If a row is deleted from the production table, it will also be automatically removed from subscribed tables.
production=# DELETE FROM production WHERE id = 2;
DELETE 1
production=# select * from production;
id | first_name | last_name | age | address
----+------------+-----------+-----+----------
1 | Semab1 | Tariq1 | 1 | Address1
3 | Semab3 | Tariq3 | 3 | Address3
4 | Semab4 | Tariq4 | 4 | Address4
5 | Semab5 | Tariq5 | 5 | Address5
(4 rows)
standby1=# select * from production;
id | first_name | address
----+------------+----------
1 | Semab1 | Address1
3 | Semab3 | Address3
4 | Semab4 | Address4
5 | Semab5 | Address5
(4 rows)
standby2=# select * from production;
id | first_name | address
----+------------+----------
1 | Semab1 | Address1
3 | Semab3 | Address3
4 | Semab4 | Address4
5 | Semab5 | Address5
(4 rows)
Likewise, for inserts and deletions, updating a row in the original table will also update the corresponding rows in subscribed tables.
FAQ
Is it possible to alter table names in the source and destination servers?
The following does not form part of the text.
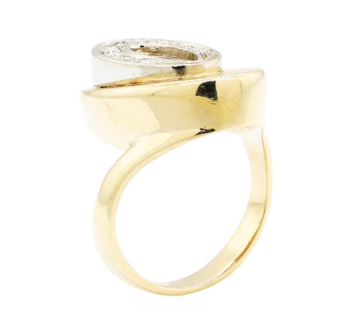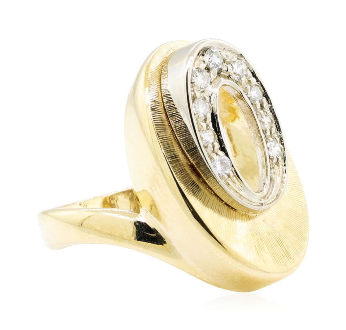 One ring featuring: 14KT yellow gold weighing 6.4 grams containing diamonds weighing 0.30ctw. The ring is a size 5.

No, table names cannot be changed within the source and destination servers. Therefore, consistency in table names is necessary for replication.
Is it possible to alter schema names for source and destination servers?
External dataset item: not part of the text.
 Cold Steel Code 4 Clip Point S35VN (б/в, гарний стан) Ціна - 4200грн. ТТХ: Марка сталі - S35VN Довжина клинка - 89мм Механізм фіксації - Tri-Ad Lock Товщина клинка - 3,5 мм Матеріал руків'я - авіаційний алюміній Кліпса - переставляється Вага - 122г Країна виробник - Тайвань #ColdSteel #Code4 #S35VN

No, schema names cannot be altered. If a production table is created within the public schema, the schema cannot be changed on the destination server.
Is it possible to alter column names within source and destination tables?
No, altering column names is not supported within the source and destination servers.
How to overcome the renaming limitations of selective logical replication?
To overcome these limitations, consider using a custom ETL script. This script can transfer data between servers, adjusting table, schema, and column names as needed. It’s essential to note that this approach falls outside the scope of logical replication and requires execution as a scheduled cron job. Stay tuned for an upcoming blog post detailing this ETL method. Also, you can use Postgres Foreign Data Wrappers(FDW) to overcome these issues
Is it possible to update the subscriber table directly?
Directly updating a subscriber table in PostgreSQL is possible but not recommended because it bypasses the replication mechanism, risking data inconsistency and violating the integrity of the replication process.